Chirostoma attenuatum
- Conservation status: Endangered (IUCN 3.1)

Scientific classification
- Kingdom: Animalia
- Phylum: Chordata
- Class: Actinopterygii
- Order: Atheriniformes
- Family: Atherinopsidae
- Genus: Chirostoma
- Species: C. attenuatum
- Binomial name: Chirostoma attenuatum S.E. Meek, 1902
- Synonyms: Chirostoma samani Terrón, 1931; Chirostoma bartoni janitzio de Buen, 1940;

= Chirostoma attenuatum =

- Genus: Chirostoma
- Species: attenuatum
- Authority: S.E. Meek, 1902
- Conservation status: EN
- Synonyms: Chirostoma samani Terrón, 1931, Chirostoma bartoni janitzio de Buen, 1940

Species of fish

Chirostoma attenuatum – also known as slender silverside – was featured in the 2009 IUCN Red List of Threatened Species and the American Fisheries Society.
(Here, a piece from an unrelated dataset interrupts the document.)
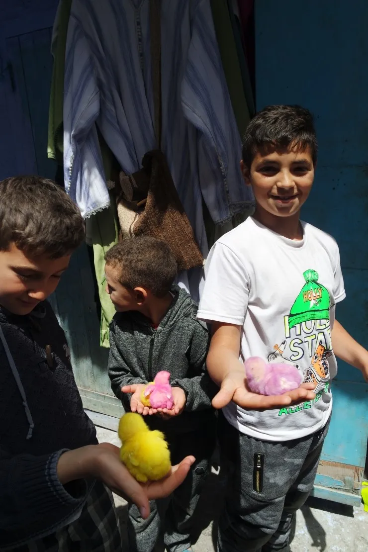 길에서 마주친 천진난만한 아이들은 탈색과 염색으로 헤어스타일을 한껏 뽐내는 병아리를 들고 다니고 있었어요. 그리고 저희와 눈이 마주치자 병아리 올려 놓은 두 손을 우리에게 내밀어 보이는 아이들. 저도 어릴 적에 병아리 한 번 사서 키워보고 그랬는데요. ㅎㅎ 잘 키우는 친구들은 집에서 닭까지 키우더라고요.

They are found in Patzcuaro, Central Mexico. The species is at risk of being extinct. Eight helminth species, type of parasitic worms, including Posthodiplostomum minimum, Allocreadium mexicanum, Bothriocephalus acheilognathi, a cyclophyllidean cysticercoid, Arhythmorhynchus brevis, Spinitectus carolini, Capilaria patrcuarensis, and Eustrongylides sp., were discovered in 195 Chirostoma attenuatum fish from Lake Patzcuaro from October 1989 to December 1990. Posthodiplostomum minimum had the highest frequency and intensity; it had the most impact in harming the Chirostoma attenuatum fish.